Imagine that you are given the job of building a house for someone. Where
should you begin? Do you start by choosing doors and windows, picking out
paint and carpet colors, or selecting bathroom fixtures? Of course not! First
you must consider how the owners will use the space, and their budget, so you
can decide what type of house to build. Questions you should consider are; do
they enjoy cooking and want a high-end kitchen, or will they prefer watching
movies in the home theater room and eating takeout pizza? Do they want a
home office or extra bedrooms? Or does their budget limit them to a basic
house?
Before you start to learn details of the SystemVerilog language, you need
to understand how you plan to verify your particular design and how this
influences the testbench structure. Just as all houses have kitchens, bedrooms,
and bathrooms, all testbenches share some common structure of stimulus generation
and response checking. This chapter introduces a set of guidelines and
coding styles for designing and constructing a testbench that meets your particular
needs. These techniques use some of the same concepts as shown in
the Verification Methodology Manual for SystemVerilog (VMM), Bergeron et
al. (2006), but without the base classes.

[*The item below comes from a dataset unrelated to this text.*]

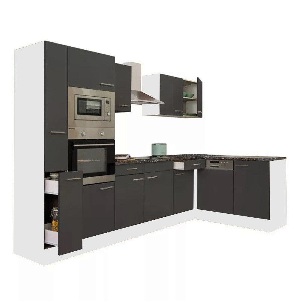 Yorki 310 sarok konyhablokk fehér korpusz, selyemfényű antracit fronttal. A tökéletes konyha megteremtője!

The most important principle you can learn as a verification engineer is:
“Bugs are good.” Don’t shy away from finding the next bug, do not hesitate to
ring a bell each time you uncover one, and furthermore, always keep track of
each bug found. The entire project team assumes there are bugs in the design,
so each bug found before tape-out is one fewer that ends up in the customer’s
hands. You need to be as devious as possible, twisting and torturing the
design to extract all possible bugs now, while they are still easy to fix. Don’t
let the designers steal all the glory — without your craft and cunning, the
design might never work!
This book assumes you already know the Verilog language and want to
learn the SystemVerilog Hardware Verification Language (HVL). Some of
the typical features of an HVL that distinguish it from a Hardware Description
Language such as Verilog or VHDL are
Constrained-random stimulus generation
Functional coverage
Higher-level structures, especially Object Oriented Programming
Multi-threading and interprocess communication
Support for HDL types such as Verilog’s 4-state values
Tight integration with event-simulator for control of the design
There are many other useful features, but these allow you to create testbenches
at a higher level of abstraction than you are able to achieve with an
HDL or a programming language such as C.